2.) “Check Patterns” of common rhythms, or what I call the “Wind Percussionist.”
This is my first draft, of what I hope to submit to “Bandworld” magazine as a future article. It is designed as an instructional warm up that will evolve your wind students rhythmic reading skills at the same pace of your percussion section. It can be incorporated into your band program very early on, or can be used as quick review materials at the later stages. Other features include; both extensive use of “multi-level tasking” concepts, and each exercise takes only one to two minutes to perform. On the web site you’ll be able to find more information. Your feed back and suggestions would greatly be appreciated as I edit the exercises and “tweak” the text before I submit it as a potential article.

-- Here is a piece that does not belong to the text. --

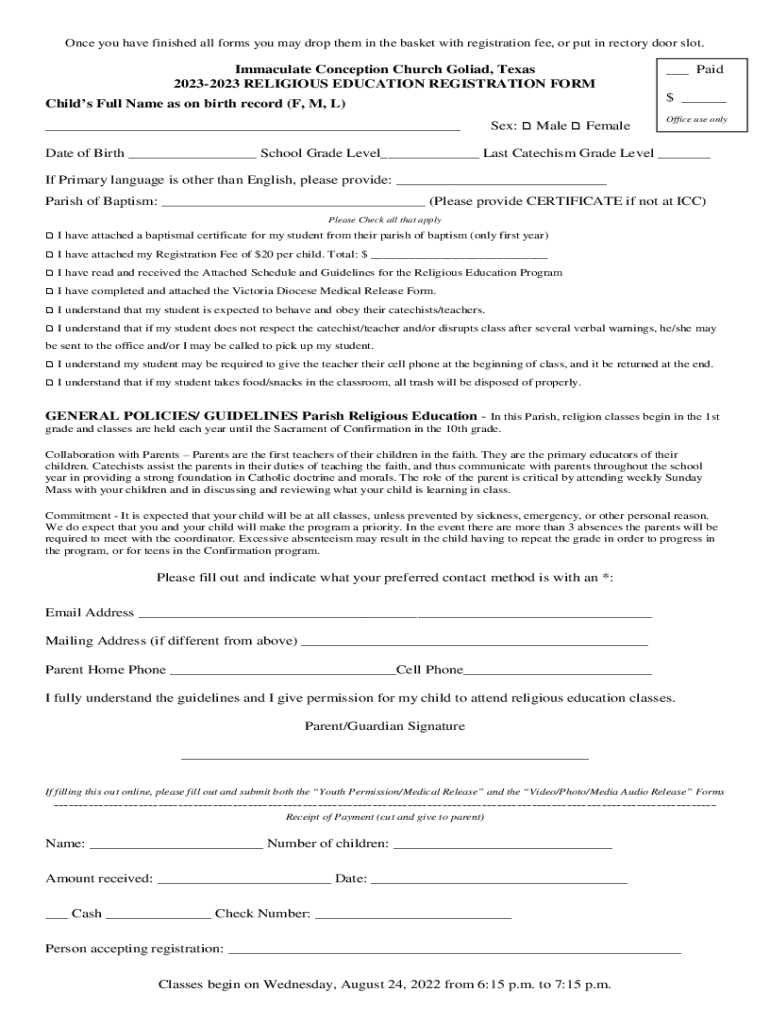 Once you have finished all forms you may drop them in the basket with registration fee, or put in rectory door slot. Immaculate Conception Church Gold, Texas 20232023 RELIGIOUS EDUCATION REGISTRATION

3.) “Scale Torture” and later “Tetra Torture”. This is still a work in progress and the initial links are not quite up yet. The emphasis here is on reading keys, but it is also excellent for teaching scales. It helps a director focus directly on the particular step(s) of any given scale or key giving his or her students trouble. It is designed for the middle school musician, concentrating on the first seven scales, and only using one octave per key. However, its teaching effectiveness is the best out there, at least until your students learn to lock in on those “funky little symbols” to the right of the clef. Many directors already use this material in some form or fashion, I just wrote it down and added a few other little “tid-bits.”
As always, all materials on the “Rhythm Masters” web site are in “PDF” format, so anything you see, print it out (free of charge) and “give it a spin.” Any comments and suggestions are always welcome, and let’s all have a fantastic 2004.